A spokesman for the California Department of Corrections and Rehabilitation gave an even higher percentage — 37% — but noted that most of the patients have lower-level conditions that do not require inpatient or enhanced outpatient treatment.

Murray, who has been diagnosed at different points in time with schizophrenia and bipolar disorder and has spent the last three years in jail and prison, is part of that surge. Those close to his case see it as an illustration of the pitfalls in the intersection between the mental health and criminal justice systems.

“Everything that could go wrong did go wrong,” said his attorney, Mieke ter Poorten.

*****

Murray’s beginnings did not seem auspicious. He was raised in Watts, and his father had been in prison since Murray was a baby. But his mother, Kookie Williams, pushed her children to be successful.
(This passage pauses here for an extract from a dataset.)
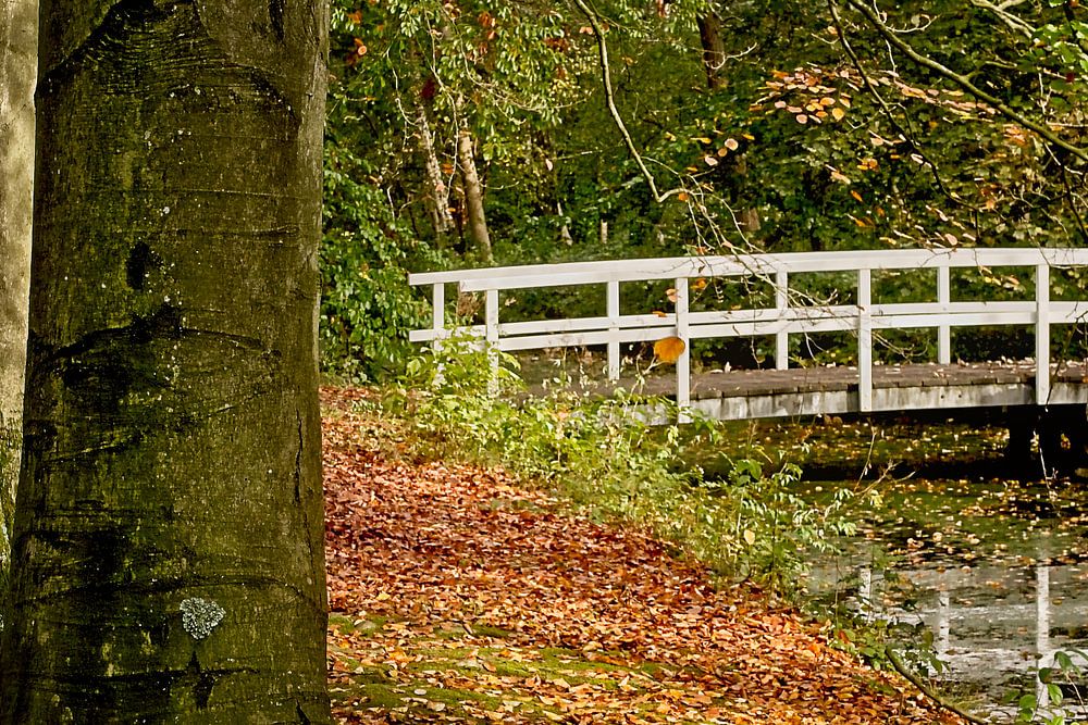 Autumn forest with bridge by Han van der Staaij

Murray’s older sister grew up to be a teacher, his younger sister a corrections officer. Williams got a master’s degree in social work and counsels veterans at Los Angeles Trade Technical College.

Murray also seemed on track to do well. He showed an early aptitude for math and computers, and as a kid he earned spending money by fixing computers for people in the neighborhood. He decided he would become a computer engineer.

A photo of Reginald Murray and his sisters.
A photo of Reginald Murray and his sisters.
(Barbara Davidson / Los Angeles Times )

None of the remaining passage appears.